Private Enterprise and Development
- Entrepreneurship refers to the private sectors in capitalist economic development. Entrepreneurs have a kind of special ability to see new ways to put economic factors together to cause economic growth, such as new products, new productive processes, or accessing new markets. As an approach to explaining what pushes capitalism forward one must be agent-focused, rather than relying on abstract categories like “accumulation of capital” or “investment.” Someone does something with capital. In this regard, the focus must be on the leadership of special individuals, innovation, and economic growth and development. However, it fell to later theorists to address what conditions facilitated the emergence of entrepreneurs. [p. 207]
- The micro-enterprises and independent entrepreneurs operating businesses that are not legally registered, can’t get bank financing, don’t pay taxes, and don’t follow labour or health and safety regulation. The informal economy is of principal interest for this discussion because in developing countries, most entrepreneurial activity (in terms of employment) takes place in this sector, and it is often a survival strategy for the very poor that is precarious and with little potential for growth. [p. 208]

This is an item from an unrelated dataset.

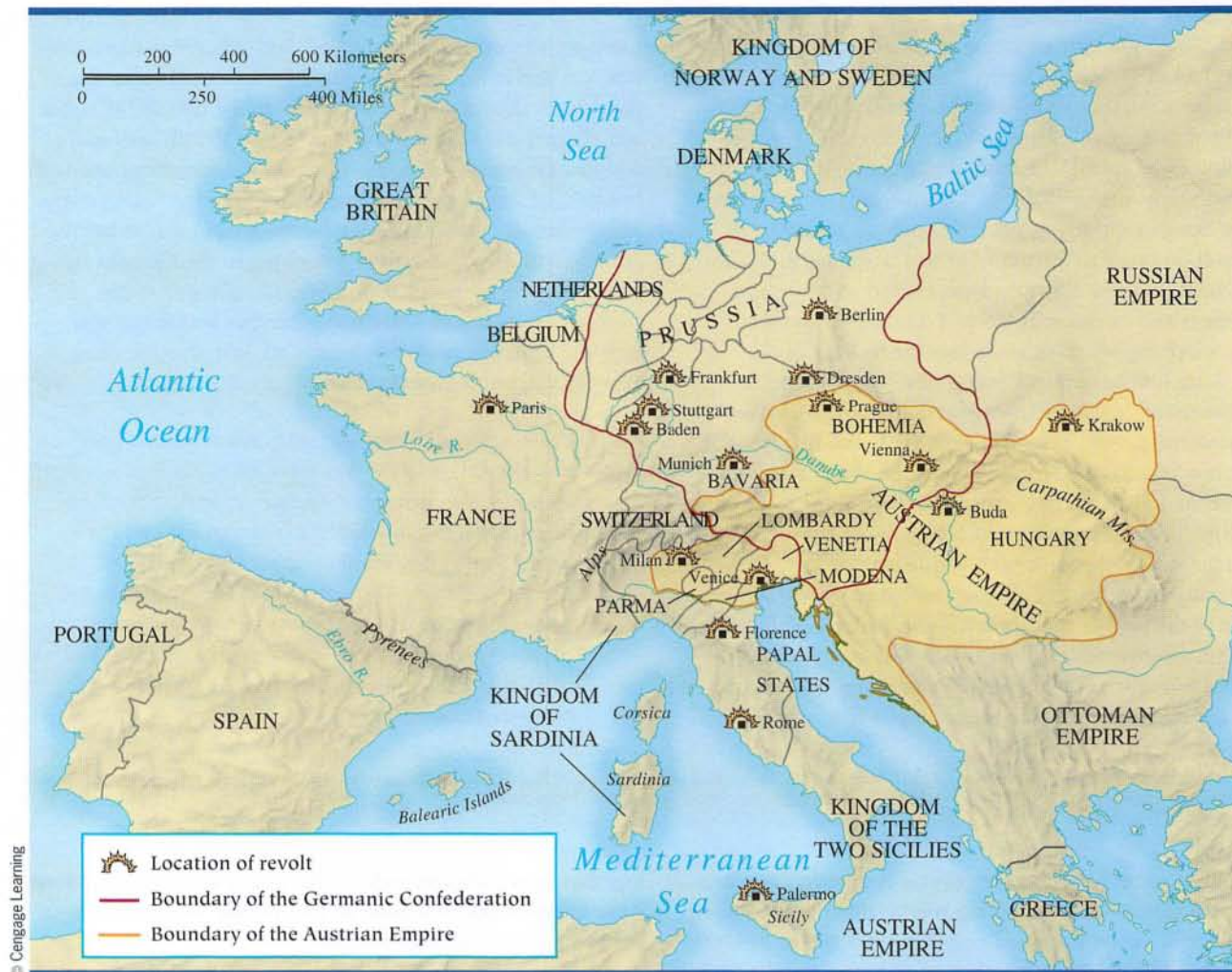
MAP 21.4 The Revolutions of 1848–1849. Beginning in Paris, revolutionary fervor fueled by liberalism and nationalism spread to the east and the south. After initial successes, the revolutionaries failed to maintain unity: propertied classes feared the working masses, and nationalists such as the Hungarians could not agree that all national groups deserved self-determination. The old order rallied its troops and prevailed.

Q Which regions saw a great deal of revolutionary activity in 1848–1849, and which did not?

- One of the most widely used tools to promote entrepreneurship in developing countries is micro-finance: the granting of small nominal loans to would-be entrepreneurs. Micro-finance came to worldwide attention through the work of Muhammad Yunus, who established the Grameen Bank in Bangladesh and won the Nobel Peace Prize for his work in 2006. Yunus established a system in which small loans would be granted to individual women organized within a larger group under the principle of collective responsibility (if one failed to repay, they would all lose access to the loans). Repayment of the loan was a gateway to more loans, and failure to pay resulted in exclusion from the system. The system also involved compulsory savings by participants and intensive surveillance by caseworkers. This model of micro-finance used collective responsibility to substitute for a lack of collateral or property rights. It also promoted the empowerment of women in patriarchal societies by giving them access to loans and promoting solidarity and friendships with other women. [p. 208]
- Various terms are used to describe multinational corporations (MNCs) and their activities, including transnational corporations (TNCs), multinational enterprises (MNEs), and foreign direct investment (FDI). Overall, these terms can be and are used interchangeably. Differences between them stem principally from disciplinary and institutional divides and practices: MNC is the most widely used term, employed by political scientists, sociologists, and the media; TNC is the preferred terminology of the United Nations system; and MNE is used in international business studies. FDI is a catch-all phrase, often preferred by economists, which refers to investment that is made across borders. The word “direct” in “foreign direct investment” indicates that the investment has a physical presence or corporate form (such as a branch plant) and differentiates this mode of investment from indirect investment, also known as “foreign portfolio investment” or colloquially as “hot capital” flows, which include the purchase of foreign debt, loans, and stock market investments. Foreign direct investment is much more stable than portfolio investment, since it involves an investment in physical and productive assets such as buildings, technology, and labour, which are more costly to abandon. [p. 209]
- In contrast to foreign portfolio investment, FDI involves an investment in physical and productive assets such as buildings, technology, and labour, which are costly to abandon making FDI more stable than foreign portfolio investment. Foreign portfolio investment, a form of indirect investment also known as a “hot capital” flow involves the purchase of foreign debt, loans, and stock market investments, allowing investments to flow rapidly in and out of the host country, often leading to financial instability and balance-of-payments crises. [p. 209]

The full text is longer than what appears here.